(Material for the task):
--- --- ---

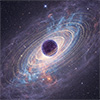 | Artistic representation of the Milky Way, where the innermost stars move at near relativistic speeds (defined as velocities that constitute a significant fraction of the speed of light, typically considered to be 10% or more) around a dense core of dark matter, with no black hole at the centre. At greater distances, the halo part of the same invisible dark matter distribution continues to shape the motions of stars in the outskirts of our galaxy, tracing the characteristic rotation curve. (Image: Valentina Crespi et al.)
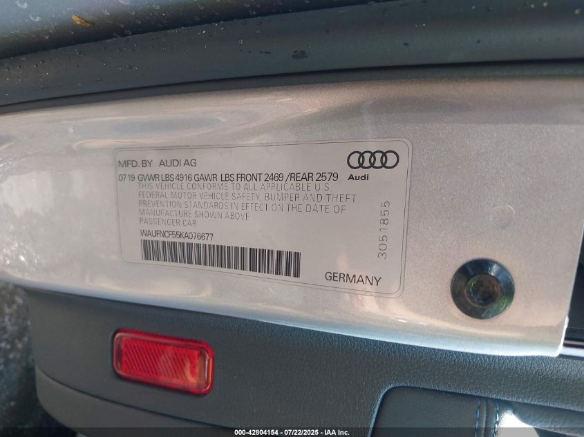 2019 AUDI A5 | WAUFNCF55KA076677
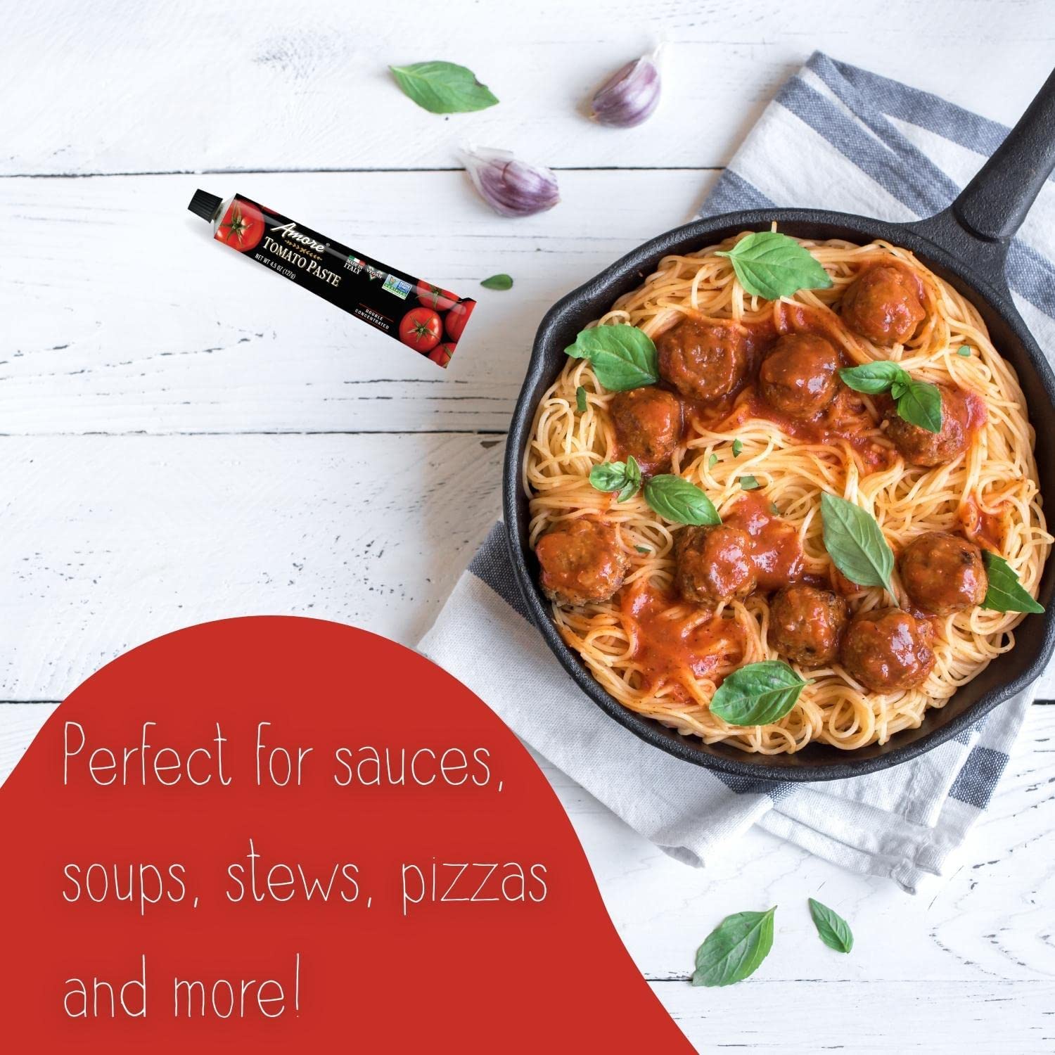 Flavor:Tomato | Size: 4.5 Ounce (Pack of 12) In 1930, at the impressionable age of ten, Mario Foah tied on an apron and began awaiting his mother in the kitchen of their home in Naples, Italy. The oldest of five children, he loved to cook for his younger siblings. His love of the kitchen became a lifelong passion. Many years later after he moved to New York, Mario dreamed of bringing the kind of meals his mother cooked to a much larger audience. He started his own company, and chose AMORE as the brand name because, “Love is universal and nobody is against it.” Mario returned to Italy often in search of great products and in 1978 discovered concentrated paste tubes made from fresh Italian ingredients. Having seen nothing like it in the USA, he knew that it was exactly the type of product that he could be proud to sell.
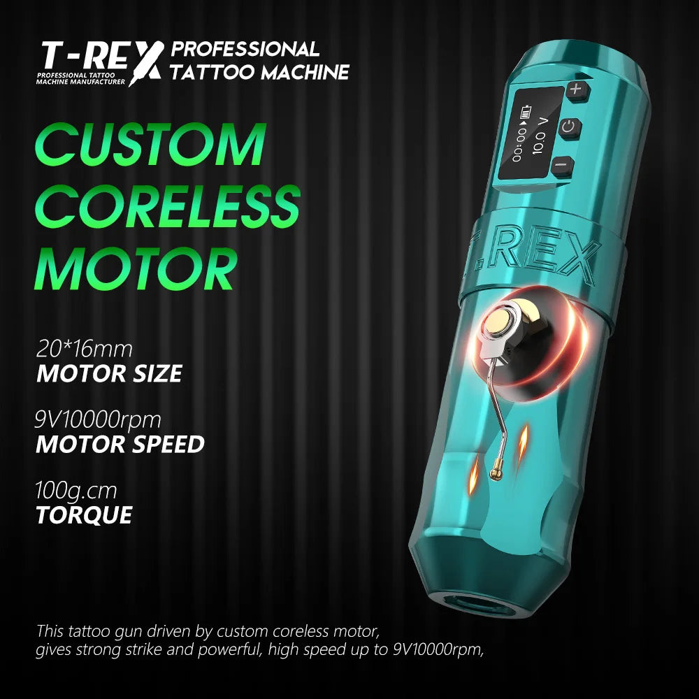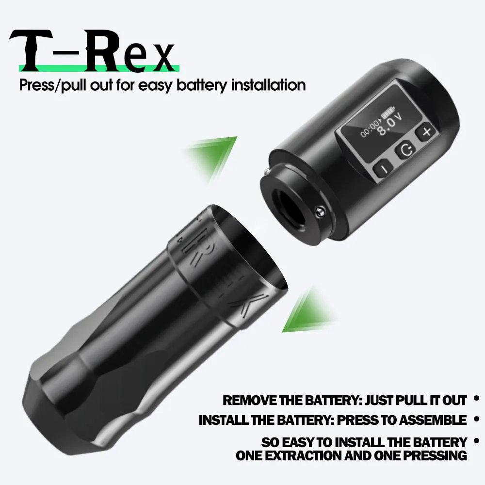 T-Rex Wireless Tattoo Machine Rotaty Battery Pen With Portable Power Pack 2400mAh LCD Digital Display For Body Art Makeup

--- --- ---

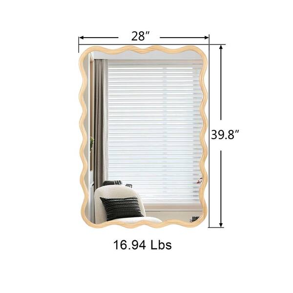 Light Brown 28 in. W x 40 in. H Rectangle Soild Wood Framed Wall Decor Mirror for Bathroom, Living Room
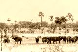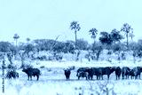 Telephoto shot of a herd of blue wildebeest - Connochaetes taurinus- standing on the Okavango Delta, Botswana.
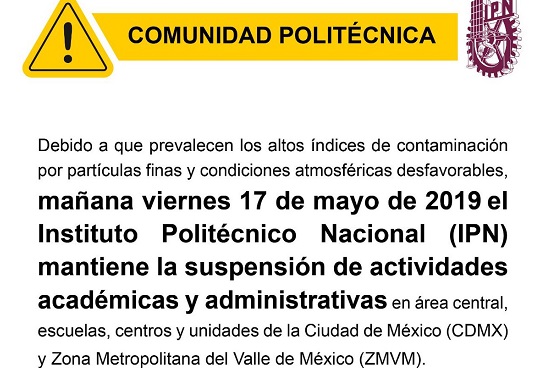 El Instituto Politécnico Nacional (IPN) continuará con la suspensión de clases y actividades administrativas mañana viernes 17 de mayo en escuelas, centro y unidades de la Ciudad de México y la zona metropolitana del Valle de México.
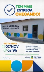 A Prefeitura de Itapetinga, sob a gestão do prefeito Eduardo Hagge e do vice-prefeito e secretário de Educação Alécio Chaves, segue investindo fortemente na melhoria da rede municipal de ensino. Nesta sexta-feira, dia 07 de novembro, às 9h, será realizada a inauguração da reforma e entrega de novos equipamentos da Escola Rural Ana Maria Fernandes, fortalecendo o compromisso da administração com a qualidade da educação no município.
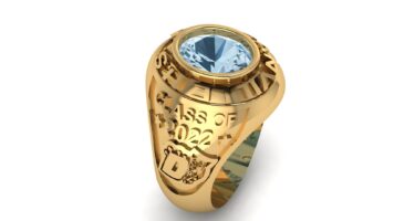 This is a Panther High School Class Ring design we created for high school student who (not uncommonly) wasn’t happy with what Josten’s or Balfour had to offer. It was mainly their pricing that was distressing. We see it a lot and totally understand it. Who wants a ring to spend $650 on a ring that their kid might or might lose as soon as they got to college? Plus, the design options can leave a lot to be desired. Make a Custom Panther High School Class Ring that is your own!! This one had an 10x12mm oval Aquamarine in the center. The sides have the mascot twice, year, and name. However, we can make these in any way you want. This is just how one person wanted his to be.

--- --- ---

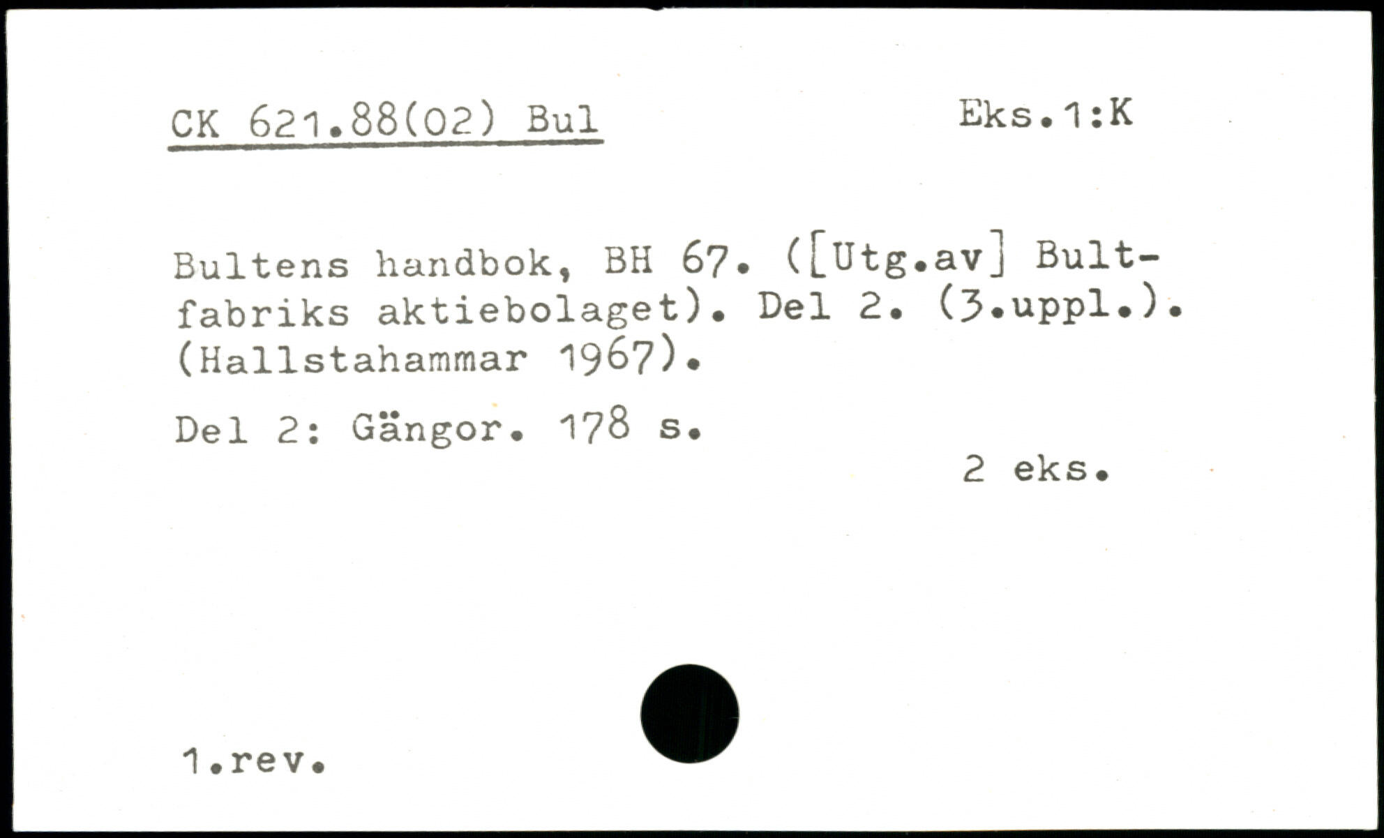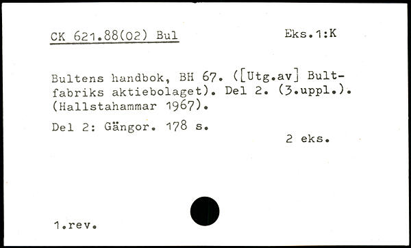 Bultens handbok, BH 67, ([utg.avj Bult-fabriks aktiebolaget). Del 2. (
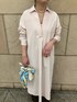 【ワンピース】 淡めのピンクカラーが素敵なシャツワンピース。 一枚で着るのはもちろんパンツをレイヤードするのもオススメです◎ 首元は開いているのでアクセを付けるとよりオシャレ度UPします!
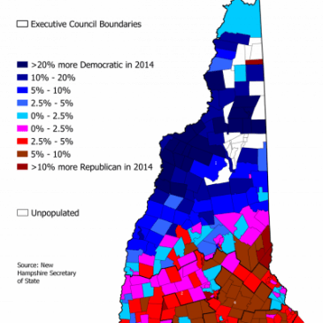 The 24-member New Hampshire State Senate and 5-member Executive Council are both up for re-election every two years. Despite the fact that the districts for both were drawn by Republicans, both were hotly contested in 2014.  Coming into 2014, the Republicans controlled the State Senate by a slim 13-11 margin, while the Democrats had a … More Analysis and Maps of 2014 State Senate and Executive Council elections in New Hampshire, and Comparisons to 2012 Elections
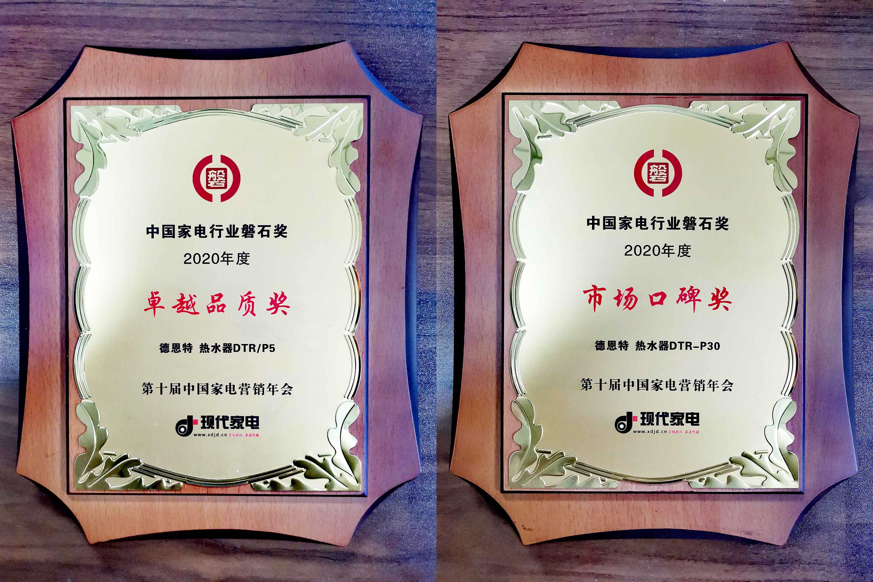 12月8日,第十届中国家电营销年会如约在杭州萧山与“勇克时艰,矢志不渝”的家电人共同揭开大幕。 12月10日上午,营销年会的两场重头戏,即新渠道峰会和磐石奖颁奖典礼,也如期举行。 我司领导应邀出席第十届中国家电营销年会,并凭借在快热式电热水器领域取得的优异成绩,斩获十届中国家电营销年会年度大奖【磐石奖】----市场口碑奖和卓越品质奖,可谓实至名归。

--- --- ---

(What the task requires): Above are some records; extract exactly the lines from the one containing "Crespi et al.)" through the one containing "T-Rex Wireless Tattoo" and drop the pictures.

(Answer to this problem):
 | Artistic representation of the Milky Way, where the innermost stars move at near relativistic speeds (defined as velocities that constitute a significant fraction of the speed of light, typically considered to be 10% or more) around a dense core of dark matter, with no black hole at the centre. At greater distances, the halo part of the same invisible dark matter distribution continues to shape the motions of stars in the outskirts of our galaxy, tracing the characteristic rotation curve. (Image: Valentina Crespi et al.)
 2019 AUDI A5 | WAUFNCF55KA076677
 Flavor:Tomato | Size: 4.5 Ounce (Pack of 12) In 1930, at the impressionable age of ten, Mario Foah tied on an apron and began awaiting his mother in the kitchen of their home in Naples, Italy. The oldest of five children, he loved to cook for his younger siblings. His love of the kitchen became a lifelong passion. Many years later after he moved to New York, Mario dreamed of bringing the kind of meals his mother cooked to a much larger audience. He started his own company, and chose AMORE as the brand name because, “Love is universal and nobody is against it.” Mario returned to Italy often in search of great products and in 1978 discovered concentrated paste tubes made from fresh Italian ingredients. Having seen nothing like it in the USA, he knew that it was exactly the type of product that he could be proud to sell.
 T-Rex Wireless Tattoo Machine Rotaty Battery Pen With Portable Power Pack 2400mAh LCD Digital Display For Body Art Makeup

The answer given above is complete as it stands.